Assignment – Please write out all the data that follows exactly, without the pictures.

Collected data –
=-=-=

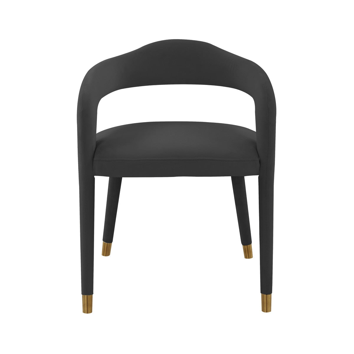 Your dining room can become a work of art with the Lucia Chair. Featuring a beautifully sleek velvet fabric, tastefully curved back and arms, and elegant gold tipped legs; this chair is sure to elevate any dining experience!
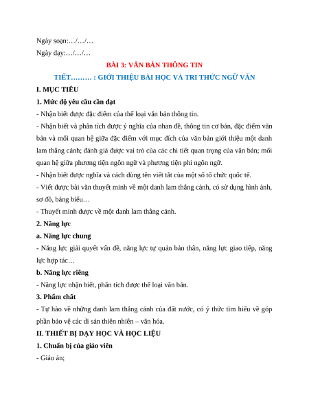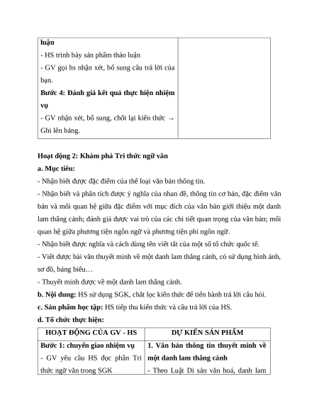 - Thuyết minh được về một danh lam thắng cảnh. 2. Năng lực a. Năng lực chung
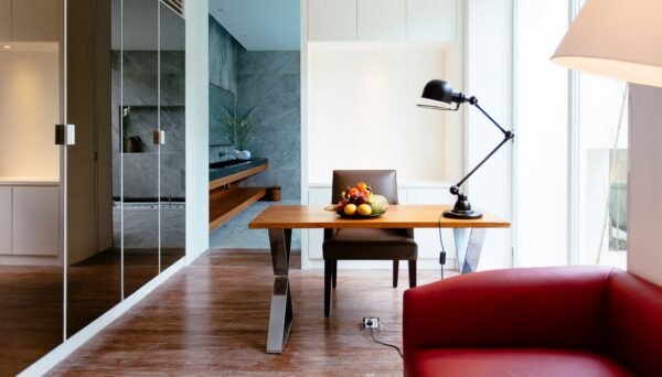 - Guest Suite 1 (Ground Floor): Convertible twin/king bed, zen mini-garden, large soaking tub & shower
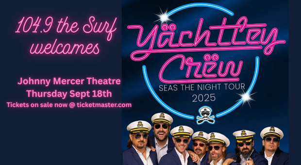Yachtley Crew – Seas The Night Tour When Sep 18th, 2025 8:30pm - 11:45pm Where 301 W Oglethorpe AveSavannahGA31401 The worlds #1 Yacht Rock Band is bringing their Seas The Night Tour to Johnny Mercer Theatre this fall! Sep 18, 2025, 8:30 PM Johnny Mercer Theatre, 301 W Oglethorpe Ave, Savannah More Info CLICK HERE

=-=-=

Problem solution –
 Your dining room can become a work of art with the Lucia Chair. Featuring a beautifully sleek velvet fabric, tastefully curved back and arms, and elegant gold tipped legs; this chair is sure to elevate any dining experience!
 - Thuyết minh được về một danh lam thắng cảnh. 2. Năng lực a. Năng lực chung
 - Guest Suite 1 (Ground Floor): Convertible twin/king bed, zen mini-garden, large soaking tub & shower
Yachtley Crew – Seas The Night Tour When Sep 18th, 2025 8:30pm - 11:45pm Where 301 W Oglethorpe AveSavannahGA31401 The worlds #1 Yacht Rock Band is bringing their Seas The Night Tour to Johnny Mercer Theatre this fall! Sep 18, 2025, 8:30 PM Johnny Mercer Theatre, 301 W Oglethorpe Ave, Savannah More Info CLICK HERE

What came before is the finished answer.